A Pipeline at a Crossroads
The funding is critical for advancing a pipeline headlined by a promising, Phase 3-ready asset. Tempest’s lead candidate, amezalpat (TPST-1120), is a first-in-class oral PPARα antagonist for the first-line treatment of unresectable or metastatic hepatocellular carcinoma (HCC), the most common form of liver cancer. In a randomized Phase 1b/2 study, a combination therapy including amezalpat demonstrated a clinically meaningful six-month improvement in median overall survival compared to the current standard of care (21 months vs. 15 months).
With positive feedback on its pivotal trial design from both the FDA and the European Medicines Agency, amezalpat is poised for late-stage development. However, the high cost of a global Phase 3 trial has been an insurmountable barrier. The company had previously announced it was exploring strategic alternatives, including partnerships, to fund this crucial next step. This new capital, while not enough to launch the trial independently, ensures the company can continue to support the amezalpat program while seeking a major partner to carry it forward.
A Strategic Pivot to CAR-T
Adding another layer of complexity and strategy to the financing is Tempest’s recent, and transformative, corporate development. Just days before the offering was announced, news emerged that Tempest is acquiring four chimeric antigen receptor T-cell (CAR-T) therapy programs from the private firm Factor Bioscience in an all-stock transaction.
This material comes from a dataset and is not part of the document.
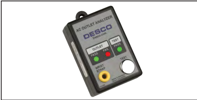
Figure 1. Desco 98130 AC Outlet Analyzer and Wrist Strap Tester

This move signals a major strategic pivot for the company.
The acquisition is designed to dramatically reshape Tempest’s focus and extend its operational runway into mid-2027, with Factor Bioscience's CEO slated to take the helm at Tempest. The capital raised in this offering is therefore not just to support the legacy pipeline but to facilitate this integration and fund the initial development of these newly acquired cell therapy assets. This pivot into the highly competitive but potentially lucrative CAR-T space fundamentally alters Tempest’s investment thesis and long-term vision.
With fresh capital in hand, Tempest has successfully navigated away from the immediate financial cliff. The company now has the breathing room to pursue a dual strategy: seek a partner for its valuable, late-stage liver cancer asset, amezalpat, while simultaneously building a new future in the cutting-edge field of CAR-T cell therapy. The path ahead remains fraught with clinical and financial challenges, but for now, the company has secured the resources to continue its fight against cancer on multiple fronts.